I feel strangely touched when I think about the possibility that someone else’s child might someday sit with ease at our dinner table. I feel a fierce protective instinct when I think about advocating for a kid whose education has been interrupted by personal chaos beyond their control. I go to the institutional "foster care facility" where we're doing our training courses, and I look at the deformed bureaucracy that professes a desire to do the right thing and dehumanizes these kids every day, and I feel my mind and my heart and all of my personal resources click into overdrive like a machine or an athlete getting ready for competition. I feel beyond myself. I feel that there is a very good possiblity I will "fail" in the ways that one measures such things, and I don't care. The system is building the conditions for failure every day, and maybe I can interrupt it just long enough for someone to catch a break.

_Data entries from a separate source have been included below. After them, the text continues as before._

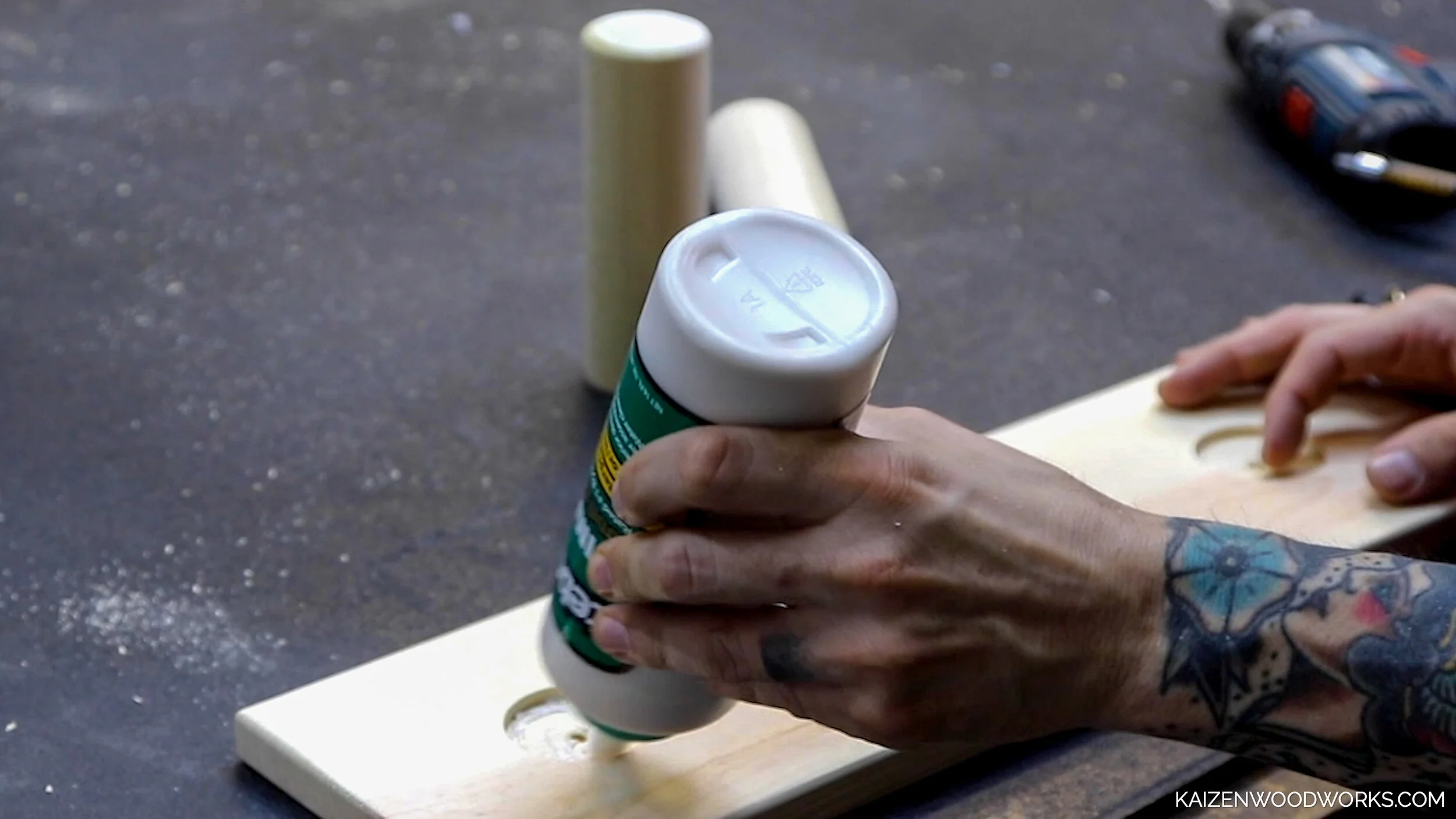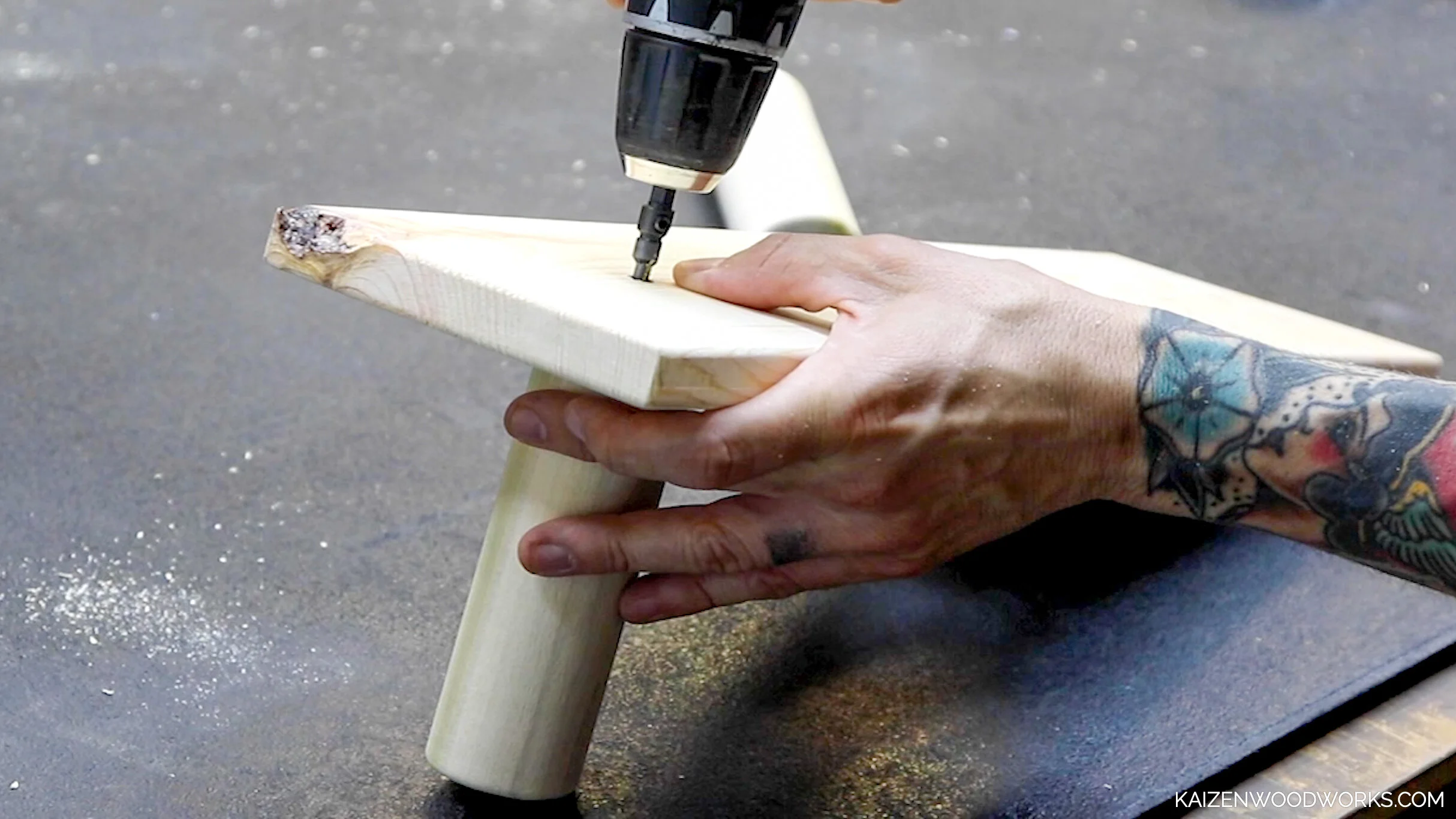 I add some wood glue before placing the dowel, then add a 2 inch screw. Repeat on the other side.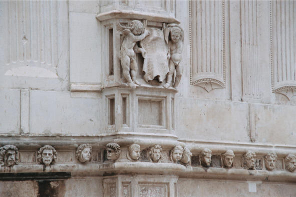 Узнав, что храм открыт, я заглянул внутрь. Да, что ни говори, а красоту словами не передать. Лучше съездить и все самому увидеть. Ведь не зря собор Св. Якова, который возвели архитекторы Юрай Далматинец и Никола Флорентинец, называют «жемчужиной» Шибеника. Это единственный в Европе храм, построенный из цельных каменных плит и опоясанный с внешней стороны ренессансным фризом, украшенным, как утверждают, «головами» горожан-современников Далматинца. К сожалению, внутри собора снимать нельзя, но зато можно приобрести довольно красочные открытки, что я и сделал, но не в тот день, а значительно позже, в один из своих очередных приездов на автовокзал Шибеника.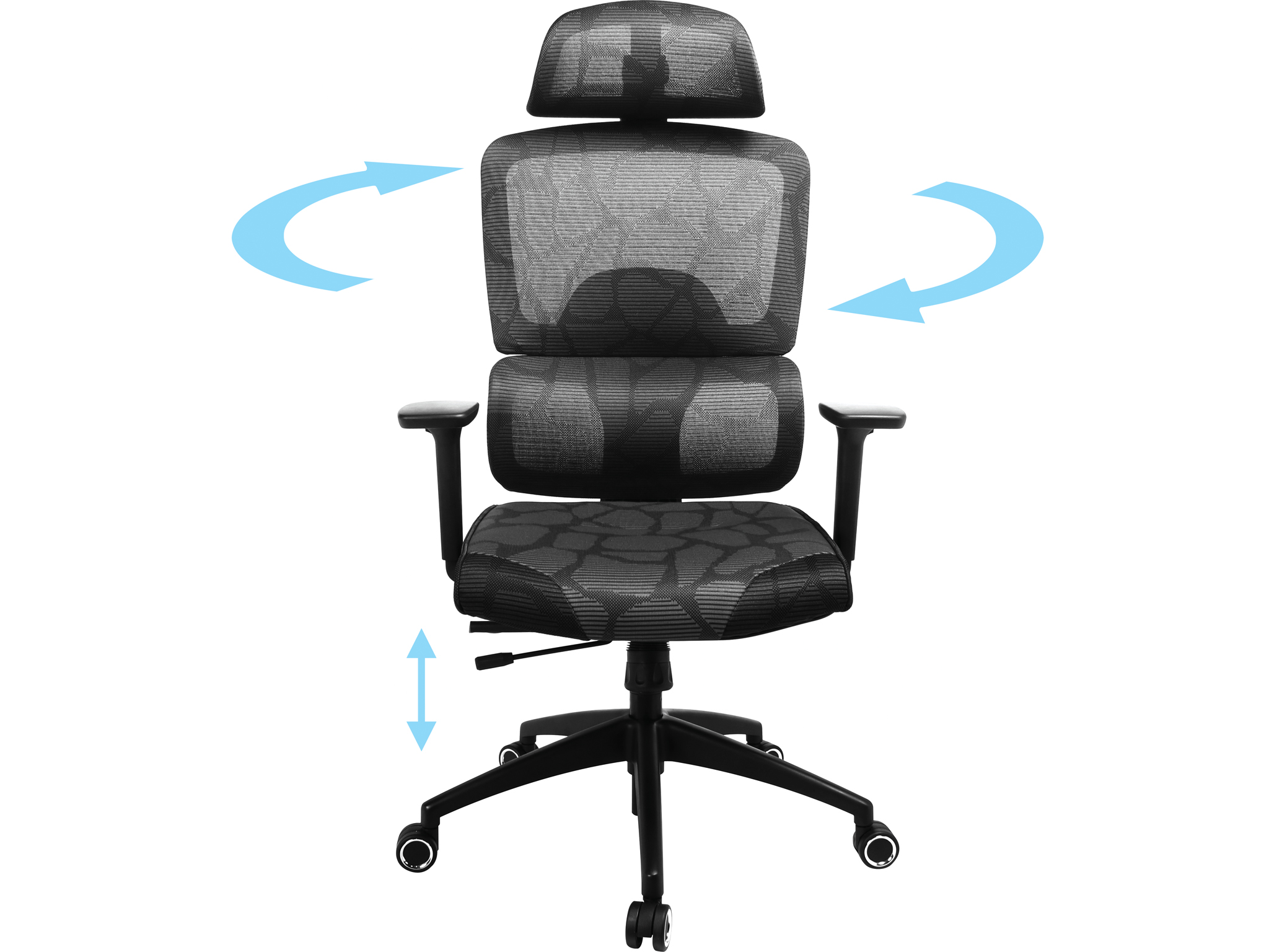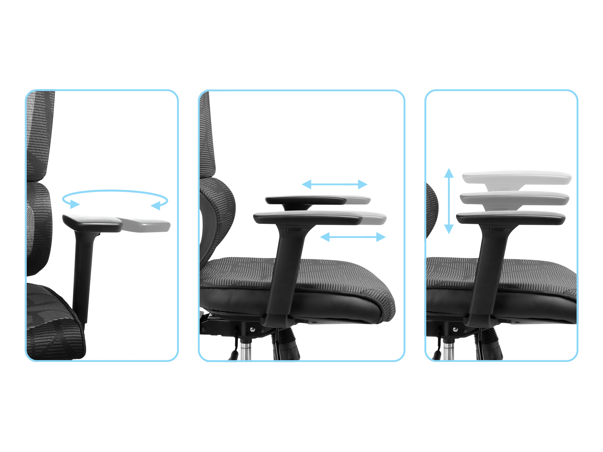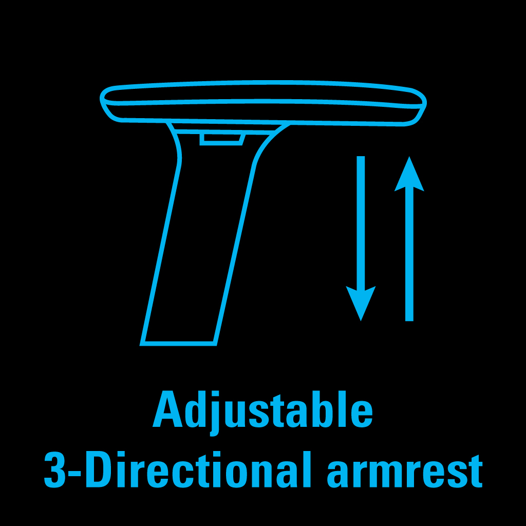 • Armrest: 3D Up/down, back/forth & swivel adjustable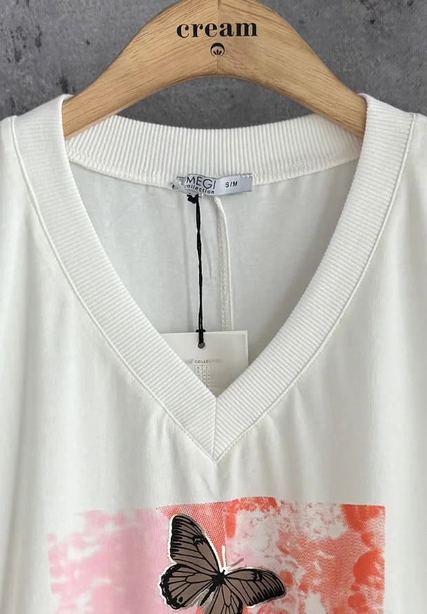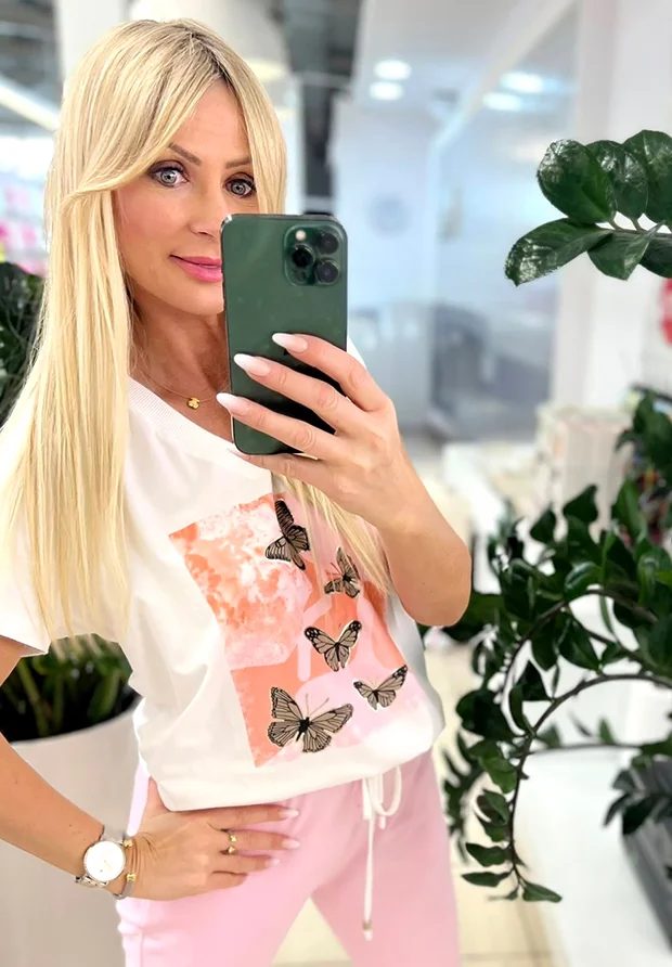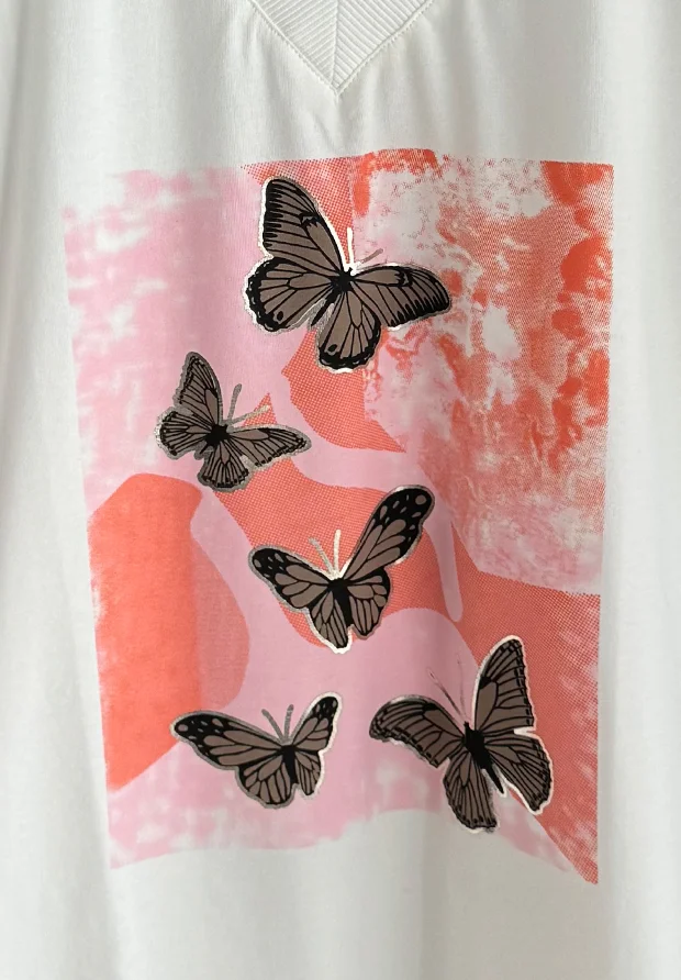 MEGI BIAŁA BLUZKA T-SHIRT NADRUK Z MOTYLKAMI / CUKIERKOWY RÓŻ & MANDARYNKA / B2885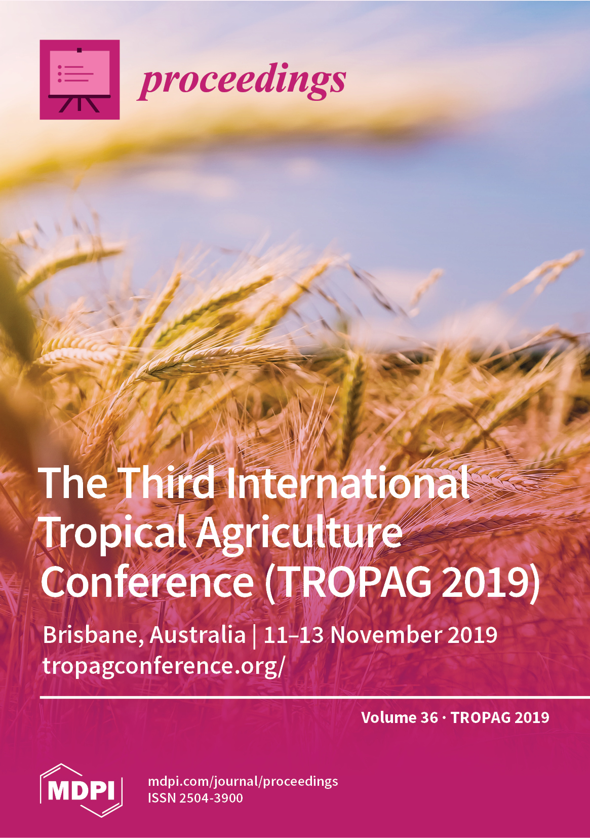 Cover Story: This volume of Proceedings gathers abstracts of posters and symposium presentations that were presented at TropAg 2019. The third international TropAg conference was held on 11–13 November 2019 at the Brisbane Convention and Exhibition Centre. The TropAg 2019 program focused on ‘Shaping the science of tomorrow’ and included five program themes across field crops, horticulture, livestock, nutritious food and an AgFutures stream focused on technology and investment. The three-day conference attracted 820 delegates, including researchers, growers, investors, industry, policy makers and agribusiness from 43 different countries. The program celebrated scientific research success stories and discussed how the tropics will address challenges in the future. Over 240 speakers presented during the conference plenary and symposia sessions. There were 281 poster presentations.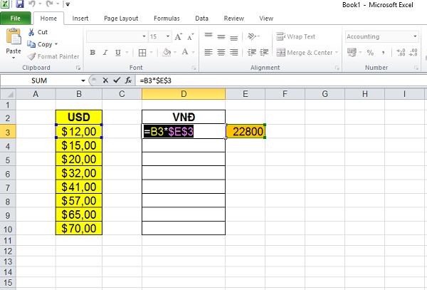 Bước 2: Trong ô D3 ở cột VNĐ, nhập công thức của =B3*$E$3. ( Trong đó thành phần $..$ dùng để cố định 1 đối tượng khi tính toán số liệu trong Excel, tạo bằng cách ấn F4 sau khi bạn chọn ô F3).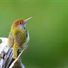 普通缝叶莺,是雀形目鹅科莺亚科缝叶莺属一种。体长10-14厘米,体重7-10克,雄鸟前额棕红,头顶至枕棕橄榄褐,上体橄榄绿染黄,飞羽及尾羽暗褐;繁殖期雄鸟的中央尾羽特形延长,下体淡皮黄白色。…全部>>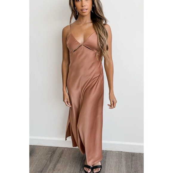 Satin Maxi Dress in size Large features a strappy halter neckline, open back, and side slit, making it a stylish choice for various occasions such as travel, weddings, parties, and casual wear. The long dress length and semi-sheer fabric add a touch of elegance, while the solid brown color and polyester material ensure durability and easy care with machine washable instructions. #fall #dress #openback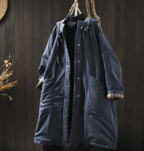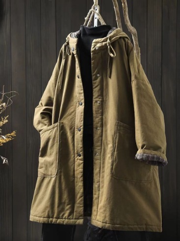가을과 겨울 새로운 대형 포켓 후드 중간 길이의 코튼 패딩 재킷 여성용 루즈 플러스 사이즈 레트로 캐주얼 두꺼운 코튼 패딩 81510스토어 가기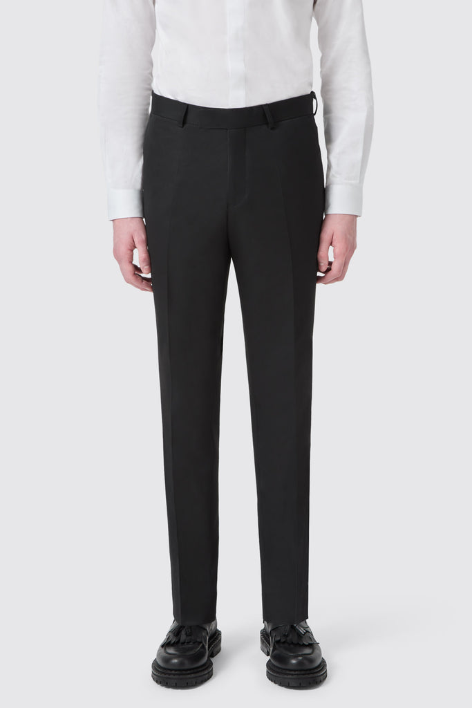 • Matching trousers with a clean, skinny fit, flat front, and slanted pockets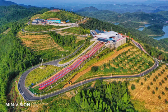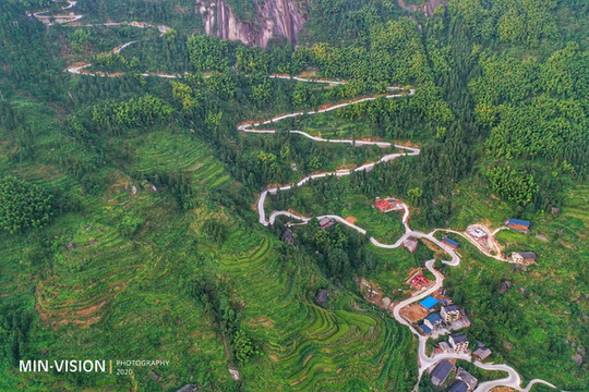 从向家村大门入口到山顶约3公里,充分证明了一条真理:要想富,先修路!一条山路修得如此完美,着实能给开车的司机带来些许的兴奋。路虽然曲折,坡地起伏不定,但双车道会车很安全!人、车道分开,山顶处还有几间小凉亭,遮阳避暑的好地方,坐在凉亭里可以饱览山水风光!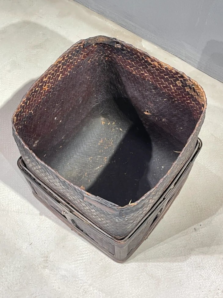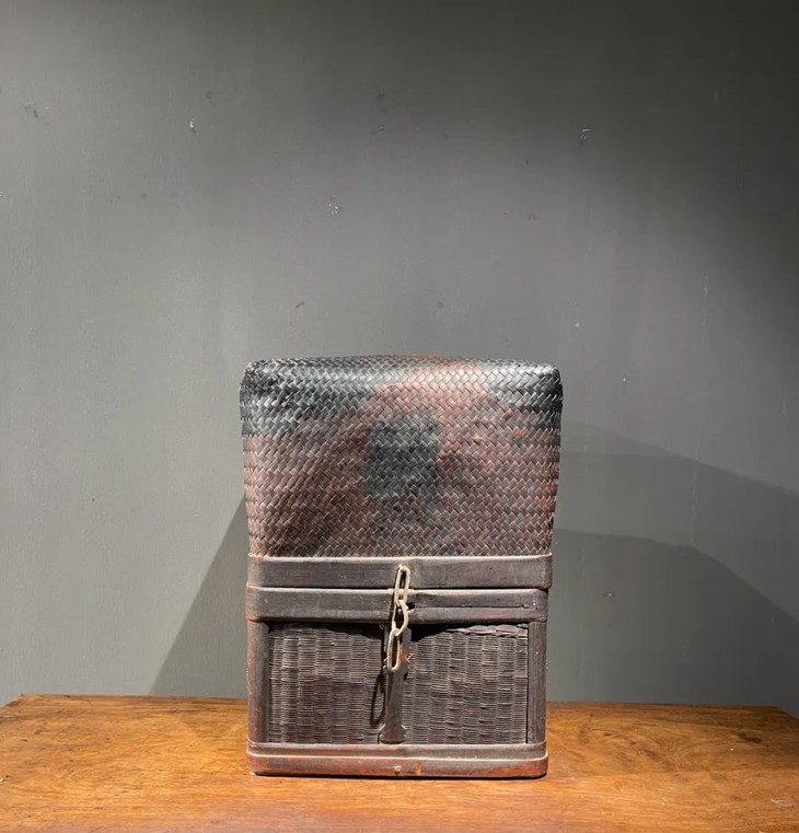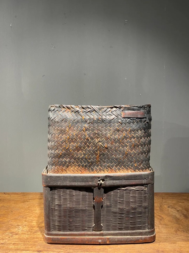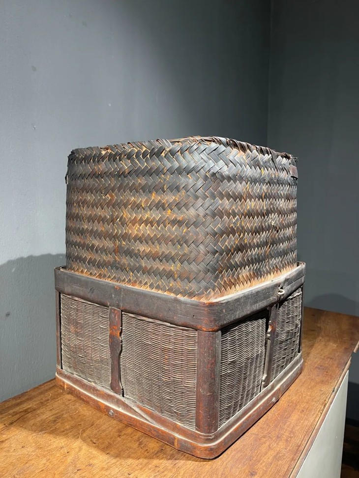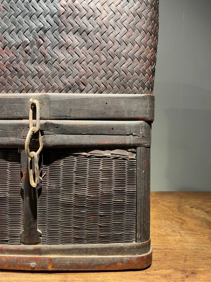 这是一件造型独特典雅,制作精美、年代久远的竹编髹褐漆茶叶储存箱,整体设计风格独特精緻,完全以传统竹编工艺手作编成,长方柱状器身,上层平顶,内部可以储存茶叶,应是清末民初的茶仓,全器髹褐漆逾百年之老竹包浆皮壳渾厚温润,设计精巧别致,优雅大方,气质非凡,如今可摆放于当代空间内,因其独特风格与优良之细节,可以与各种空间搭配,而且可以实用当茶具或是茶叶、食品等收纳,尽显用之美的风範。
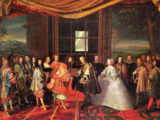 Entrevista de Luis XIV de Francia y Felipe IV de España en la Isla de los Faisanes en 1659 según el cuadro pintado por Velázquez

We’ll see what happens. The foster care system is already sending us clear messages to beware, be realistic, and be ready. But for me all that matters is to try.


Ashley said...

Hi, I just found your blog and am starting at the beginning, working my way to the end. I love that people have thought to write down their experiences for others to learn from. I'm looking forward to seeing how your journey panned out! My husband and I are looking to adopt older children, so a somewhat similar situation to yours. -A

Heather said...

Like Ashley I found your blog and am starting from the beginning. This post felt like someone putting my heart on paper. My husband and I have often made comments similar to many in this post, but you said them how I wish I could have articulated them when asked. My mother's reaction was even similar to your own...mine shared multiple worst case scenario stories and did not get the intended reaction from us. I'm excited to read on and see how your journey has progressed!

Lauren said...

I just found your blog too, and I am also starting at the beginning. I hope to adopt a child from foster care in a few years when my partner and I have a more stable financial situation. I have been researching adopting an older child for several years now, and I am studying to get my master's in Human Development and Family Studies, so that I can become an adoption counselor or work in foster care. I am trying to read everything I can and learn as much as possible about adopting older children in the meantime.

Like you, I do not know of any reason why I would not be able to have biological children someday. In fact, I do want to have a baby/babies, but I would love to give a home and family to an older child too.

You write so beautifully, and I know I am not alone in saying that you have put many future (and current) foster/adoptive parents' feelings into words. My mother, sister, and even my partner (initially) expressed some of the same concerns that your mother had. I'm looking forward to reading about how everything is turning out for you! Thanks for sharing with us.